On 2023/3/20 19:08, Qu Wenruo wrote:
> 
> 
> On 2023/3/15 00:59, Christoph Hellwig wrote:
>> The endio_write_workers and endio_freespace_workers workqueues don't use
>> any of the ordering features in the btrfs_workqueue, so switch them to
>> plain Linux workqueues.
>>
>> Signed-off-by: Christoph Hellwig <hch@lst.de>
>> ---
>>   fs/btrfs/disk-io.c      | 16 ++++++++--------
>>   fs/btrfs/fs.h           |  4 ++--
>>   fs/btrfs/ordered-data.c |  8 ++++----
>>   fs/btrfs/ordered-data.h |  2 +-
>>   fs/btrfs/super.c        |  2 --
>>   5 files changed, 15 insertions(+), 17 deletions(-)
>>
>> diff --git a/fs/btrfs/disk-io.c b/fs/btrfs/disk-io.c
>> index bb864cf2eed60f..0889eb81e71a7d 100644
>> --- a/fs/btrfs/disk-io.c
>> +++ b/fs/btrfs/disk-io.c
>> @@ -1993,8 +1993,10 @@ static void btrfs_stop_all_workers(struct 
>> btrfs_fs_info *fs_info)
>>           destroy_workqueue(fs_info->rmw_workers);
>>       if (fs_info->compressed_write_workers)

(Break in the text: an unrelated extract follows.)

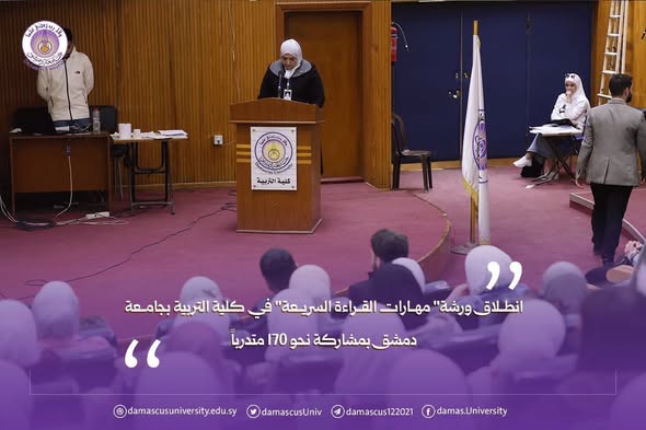 انطلاق ورشة “مهارات القراءة السريعة” في كلية التربية بجامعة دمشق بمشاركة نحو 170 متدرباً

>>           destroy_workqueue(fs_info->compressed_write_workers);
>> -    btrfs_destroy_workqueue(fs_info->endio_write_workers);
>> -    btrfs_destroy_workqueue(fs_info->endio_freespace_worker);
>> +    if (fs_info->endio_write_workers)

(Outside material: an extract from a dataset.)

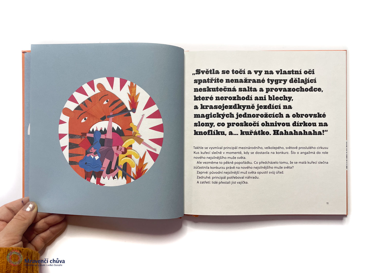 Osm pohádek plných veselých příhod, fantazijních představ a také s hrstkou poučení. V prvním příběhu se seznámíme s kuřecí slečnou, která se rozhodla zachránit svou rodinu tím, že se stane nejsilnějším kuřetem na světě. Při čtení druhého příběhu se dovíme, jak si kluk Buk přál získat knírek až tak moc, že mu knírek přerostl přes hlavu. Ale nebojte, pohádky vždycky dobře dopadnou! Ve třetím příběhu se seznámíme s reportáží Dorotky Dobrodružné, která byla na stopě záhadnému Psanci. Čtvrtý příběh vypráví o holčičce, která překonala svůj strach a vydala se mimo domov přímo do džungle. Příprava na vesmírnou olympiádu se odehraje v pátém příběhu a nakonec čeká na čtenáře a čtenářky pohádka jménem Konečná. V té se dívenka Sněženka vypraví úplně sama poprvé vlakem domů. Příběhy jsou plné fantazie, kterou svými jedinečnými kolážemi podněcuje také autorka ilustrací Marie Urbánková. Knihu doporučujeme pro společné rodinné i školní čtení s dětmi.

>> +        destroy_workqueue(fs_info->endio_write_workers);
>> +    if (fs_info->endio_freespace_worker)
>> +        destroy_workqueue(fs_info->endio_freespace_worker);
>>       btrfs_destroy_workqueue(fs_info->delayed_workers);
>>       btrfs_destroy_workqueue(fs_info->caching_workers);
>>       btrfs_destroy_workqueue(fs_info->flush_workers);
>> @@ -2204,13 +2206,11 @@ static int btrfs_init_workqueues(struct 
>> btrfs_fs_info *fs_info)
>>           alloc_workqueue("btrfs-endio-meta", flags, max_active);
>>       fs_info->rmw_workers = alloc_workqueue("btrfs-rmw", flags, 
>> max_active);
>>       fs_info->endio_write_workers =
>> -        btrfs_alloc_workqueue(fs_info, "endio-write", flags,
>> -                      max_active, 2);
>> +        alloc_workqueue("btrfs-endio-write", flags, max_active);
>>       fs_info->compressed_write_workers =
>>           alloc_workqueue("btrfs-compressed-write", flags, max_active);
>>       fs_info->endio_freespace_worker =
>> -        btrfs_alloc_workqueue(fs_info, "freespace-write", flags,
>> -                      max_active, 0);
>> +        alloc_workqueue("btrfs-freespace-write", flags, max_active);
>>       fs_info->delayed_workers =
>>           btrfs_alloc_workqueue(fs_info, "delayed-meta", flags,
>>                         max_active, 0);
>> @@ -4536,9 +4536,9 @@ void __cold close_ctree(struct btrfs_fs_info 
>> *fs_info)
>>        * the final btrfs_put_ordered_extent() (which must happen at
>>        * btrfs_finish_ordered_io() when we are unmounting).
>>        */
>> -    btrfs_flush_workqueue(fs_info->endio_write_workers);
>> +    flush_workqueue(fs_info->endio_write_workers);
>>       /* Ordered extents for free space inodes. */
>> -    btrfs_flush_workqueue(fs_info->endio_freespace_worker);
>> +    flush_workqueue(fs_info->endio_freespace_worker);
>>       btrfs_run_delayed_iputs(fs_info);
>>       cancel_work_sync(&fs_info->async_reclaim_work);
>> diff --git a/fs/btrfs/fs.h b/fs/btrfs/fs.h
>> index 20d554a0c2ac0d..276a17780f2b1b 100644
>> --- a/fs/btrfs/fs.h
>> +++ b/fs/btrfs/fs.h
>> @@ -542,8 +542,8 @@ struct btrfs_fs_info {
>>       struct workqueue_struct *endio_meta_workers;
>>       struct workqueue_struct *rmw_workers;
>>       struct workqueue_struct *compressed_write_workers;
>> -    struct btrfs_workqueue *endio_write_workers;
>> -    struct btrfs_workqueue *endio_freespace_worker;
>> +    struct workqueue_struct *endio_write_workers;
>> +    struct workqueue_struct *endio_freespace_worker;
>>       struct btrfs_workqueue *caching_workers;
>>       /*
>> diff --git a/fs/btrfs/ordered-data.c b/fs/btrfs/ordered-data.c
>> index 1848d0d1a9c41e..23f496f0d7b776 100644
>> --- a/fs/btrfs/ordered-data.c
>> +++ b/fs/btrfs/ordered-data.c
>> @@ -303,7 +303,7 @@ void btrfs_add_ordered_sum(struct 
>> btrfs_ordered_extent *entry,
>>       spin_unlock_irq(&tree->lock);
>>   }
>> -static void finish_ordered_fn(struct btrfs_work *work)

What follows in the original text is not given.